Objectives: Keratinocytes are normally in tension in the skin and oral mucosa but this is lost when breached. One of the subsequent key phases in wound healing is the recovery of the tensional state by contraction of granulation tissue and restoration of an intact epithelial layer. It is known that up regulated proteolysis of the extracellular matrix results in enhanced cell migration and thereby facilitates the epidermal cells coverage of the denuded wound surface. The aim of this study was to investigate the effect of different magnitudes of mechanical strain on the release of urokinase-type plasminogen activator (uPA) activity in keratinocytes in vitro.

Methods: Normal human keratinocytes (NHK) and virally-transduced keratinocytes (UP) were cultured on matrix protein coated flexible-bottomed plates (collagen type I and collagen type IV) and placed in a Flexercell tension plus strain unit. Cells were subjected to a variety of stretch regimes: 10%, 20% and 30% static (continuous) stretch regimes for 24 hours. Stretched bioflex plates were compared to non-stretched control plates. Proteolytic activity was determined by plasminogen activator activity assay to assess the level of uPA.

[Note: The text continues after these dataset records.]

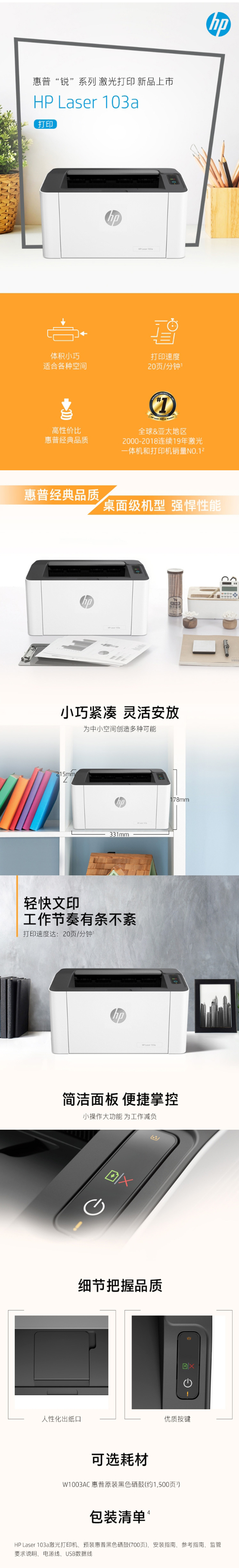 - 商品名稱:惠普(HP)A4黑白激光打印機(jī)Laser 103a 20ppm 手動(dòng)雙面 不支持網(wǎng)絡(luò)功能 分辨率1200*1200dpi 適用耗材:W1003AC 一年送修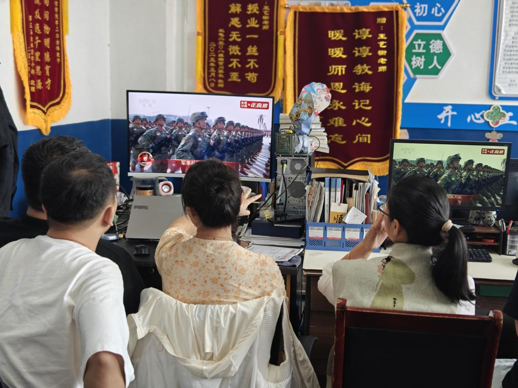当阅兵仪式正式开始,看着一个个整齐的方队、先进的武器装备依次通过天安门广场,师生们的自豪感和爱国情怀油然而生。大家纷纷表示,通过观看阅兵,深刻感受到了祖国的强大和抗战胜利的伟大意义,在今后的工作和学习中,将铭记历史,传承和弘扬抗战精神,为实现中华民族伟大复兴的中国梦贡献自己的力量。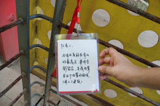 在時(shí)間到達(dá)之前,每個(gè)組的十個(gè)尋寶任務(wù)都基本上完成了,陸續(xù)在山下的廣場集合。手中的任務(wù)卡原來是個(gè)拼圖,大家一起,拼出了大大的商科LOGO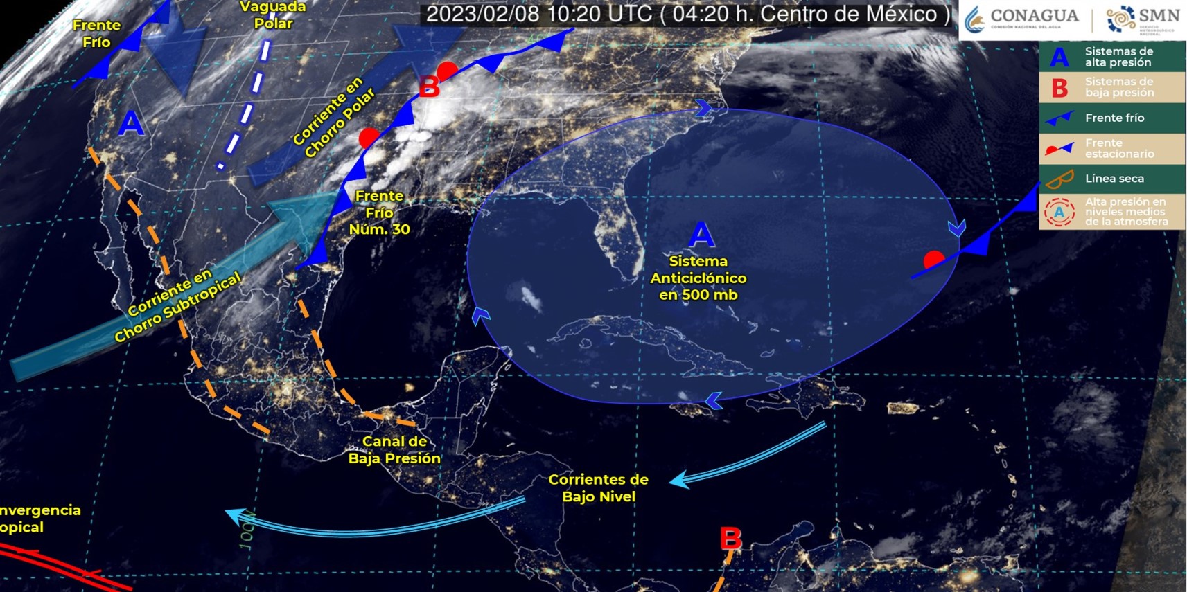 Pronóstico del clima para hoy miércoles 8 de febrero en Quintana Roo. Este día, el frente frío número 30 se desplazará sobre el noreste y oriente del territorio nacional, interaccionará con un canal de baja presión que se extenderá sobre el sureste de México, originando lluvias puntuales fuertes en Hidalgo, Puebla, Veracruz y Oaxaca, lluvias y chubascos en Tamaulipas, San Luis Potosí, Querétaro, Chiapas, Estado de México, Ciudad de México, Tlaxcala, Campeche y Quintana Roo, además de lluvias aisladas en Tabasco y Yucatán.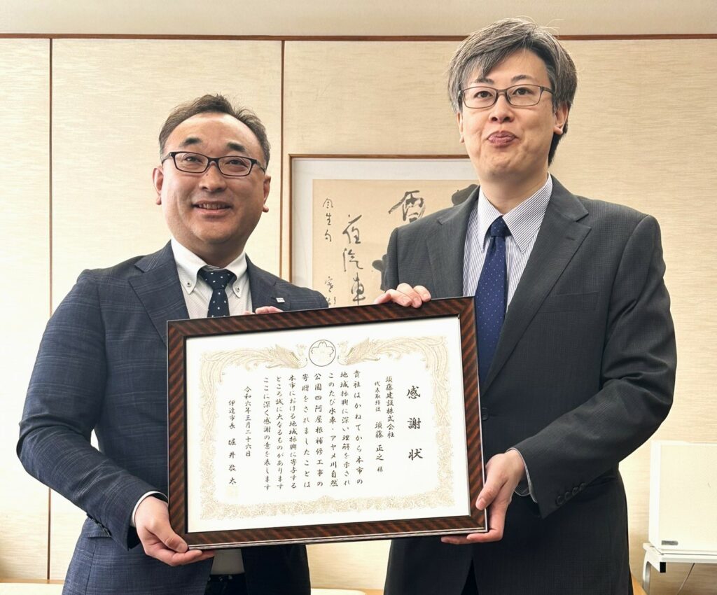 社会貢献事業として今年1月に行った「水車・アヤメ川自然公園の東屋の屋根補修」に対して、3月26日に伊達市から感謝状をいただきました。

Results: The effect of mechanical strain on both cell types revealed a significant increase in the level of uPA produced by UP cells (p<0.05) and a significant decrease in the level of uPA produced by NHK cells (p<0.05) on collagen type I and collagen type IV matrix proteins.

Conclusions: NHK cells exhibit different responses to mechanical stimulation as opposed to UP cells, suggesting that normal cells in tension down-regulate proteolytic activity, and that as cells become abnormal this response is impaired or lost completely. The different rates of proteolytic production by NHK and UP cells in response to being cultured on various matrix proteins and different magnitudes of mechanical stress may be of importance in wound healing.